Leader of the Future Forward Party
- In office 27 May 2018 – 21 February 2020
- Preceded by: Position established
- Succeeded by: Pita Limjaroenrat (Move Forward Party; de facto)

Member of the House of Representatives
- In office 24 March 2019 – 20 November 2019
- Constituency: Party-list

Personal details
- Born: 25 November 1978 (age 47) Bangkok, Thailand
- Party: Future Forward (2018–2020)
- Other political affiliations: Progressive Movement (since 2020)
- Spouse: Rawiphan Daengthongdi
- Children: 4
- Parents: Pattana Juangroongruangkit (father); Somporn Juangroongruangkit (mother);
- Relatives: Suriya Juangroongruangkit (uncle); Pongkawin Juangroongruangkit (cousin);
- Alma mater: Thammasat University; University of Nottingham; Chulalongkorn University; New York University; Hong Kong University of Science and Technology; University of St. Gallen;
- Occupation: Politician; businessman;
- Nickname: Ek (เอก)

= Thanathorn Juangroongruangkit =

Thai politician and businessman (born 1978)

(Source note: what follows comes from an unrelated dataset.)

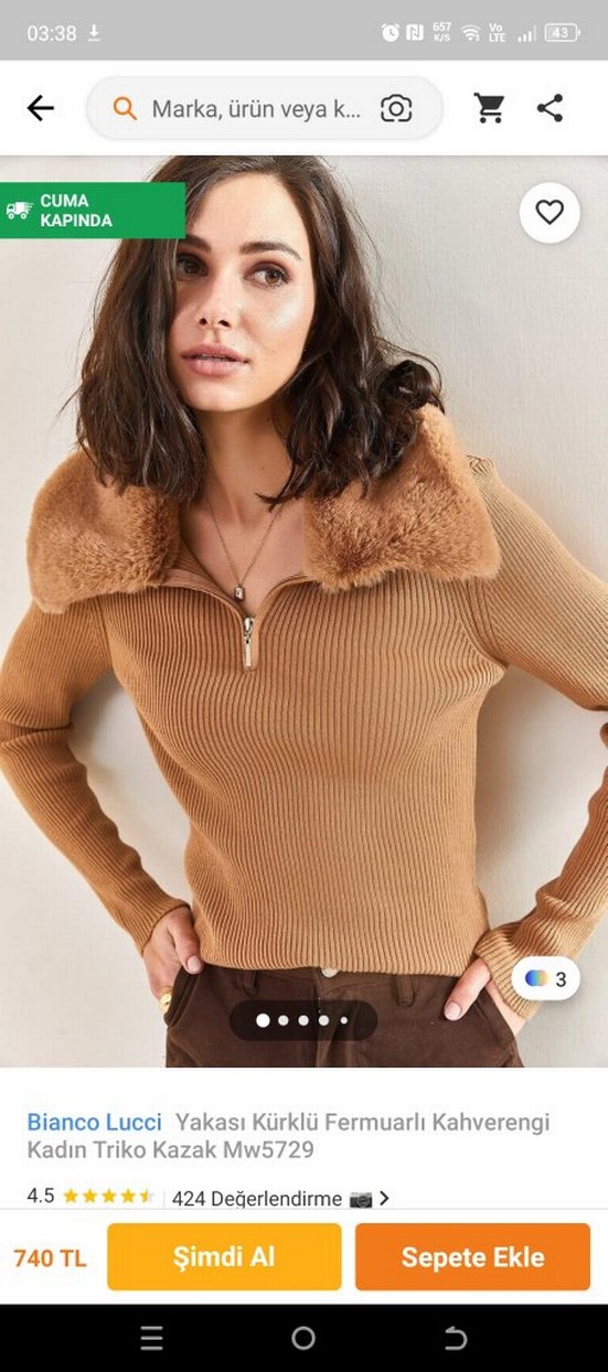 Kahverengi, kürklü yakalı, uzun kollu, yumuşak yün kumaştan yapılmış, vücuda oturan bir kadın trikosudur. Sokak stili ve günlük kullanıma uygundur.

Thanathorn Juangroongruangkit (ธนาธร จึงรุ่งเรืองกิจ, /th/; born 25 November 1978) is a Thai businessman and former politician who served as the leader of the Future Forward Party from 2018 to 2020. From 2002 to 2018, he was the vice president of the Thai Summit Group, Thailand's largest auto parts manufacturer.

In March 2018, Thanathorn co-founded the Future Forward Party and was unanimously elected as the party's leader during its first public meeting in May 2018.

==Early life and family==
Thanathorn Juangroongruangkit was born and raised in Bangkok, within a Thai Chinese family that traces its roots back to Fujian province. His Chinese surname is Zhuang (莊) in Mandarin Chinese. His family is notable in the Thai business landscape, particularly through their involvement with the Thai Summit Group. This company, founded by Thanathorn's father, Pattana Juangroongruangkit, in 1977, later came under the leadership of his mother, Somporn Juangroongruangkit, following Pattana's death in 2002. Additionally, the Juangroongruangkit family has significant holdings in Matichon Publishing Group, a major Thai media conglomerate.

In the context of Thanathorn's entry into politics, he made significant professional changes to avoid potential conflicts of interest. He stepped down from his positions at the Matichon board and the Thai Summit Group. Concurrently, his mother, Somporn, divested all her shares in Matichon.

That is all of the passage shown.